Correspondence to Changhong Chen.

Additional information

Zhenyao Chen received the B.S. degree in Photoelectric Information Science and Engineering from Southeast University of China in 2017. Now, he is a master student at the Wuhan National Laboratory for Optoelectronics, Huazhong University of Science and Technology, China. His research interests are mainly in graphene, infrared detector and phonon polariton.

Junjie Mei received the B.S. degree in Electronic Science and Technology from Xi’an Jiaotong University of China in 2015. Now, he is a Ph.D. student at the Wuhan National Laboratory for Optoelectronics, Huazhong University of Science and Technology, China. His research interests are mainly in graphene, infrared detector and phonon polariton.

Ye Zhang received the B.S. degree in Optical Information Science and Technology from the School of Information Engineering at Jiangxi University of Science and Technology of China in 2016. He is currently a Ph.D. student in Optical Engineering at the Wuhan National Laboratory for Optoelectronics, Huazhong University of Science and Technology, China. His research focuses on nano-photonics and infrared photodetectors.

Jishu Tan received the B.S. degree from Chongqing University of Posts and Telecommunications in 2018. She is currently a master student at the Wuhan National Laboratory for Optoelectronics, Huazhong University of Science and Technology, China. Her research interest is mainly in constructing magnetic-phonon interaction metasurface.

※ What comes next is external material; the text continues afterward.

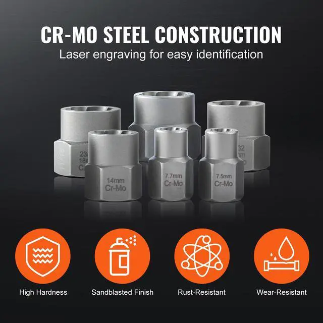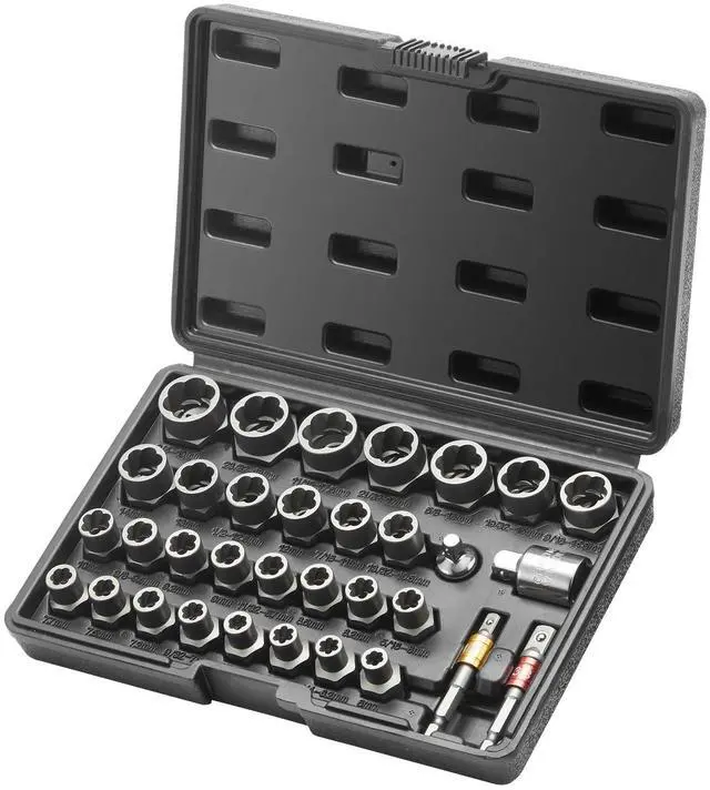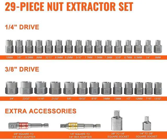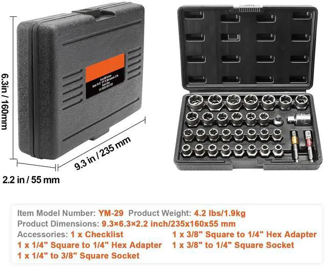VEVOR Bolt Extractor Set, 29-Piece Bolt and Nut Remover Set, 6mm to 10mm, 13/32" to 3/4", CR-MO Steel Extraction Socket Set with Storage Case, for Removing Damaged Rusted Bolts, Nuts and Screws

Qing Xiong received the B.S. degree in Optical Information Science and Technology from the Department of Applied Physics at Northwestern Polytechnical University of China in 2018. He is currently working toward the M.S. degree in Optical Engineering in Huazhong University of Science and Technology, China. His research work focuses on the absorber based on metasurface.

Changhong Chen received his B.S. degree from Wuhan University of Technology in 1990, M.S. degree from Southeast University in 1996, and Ph.D. degree from Huazhong University of Science and Technology in 2001. Now, he is working as a professor in the Wuhan National Laboratory for Optoelectronics, Huazhong University of Science and Technology, China. His research interests are focused on surface plasmon and surface phonon polaritons, electromagnetic radiation energy harvesting antenna technology, and advanced infrared materials and integrated devices.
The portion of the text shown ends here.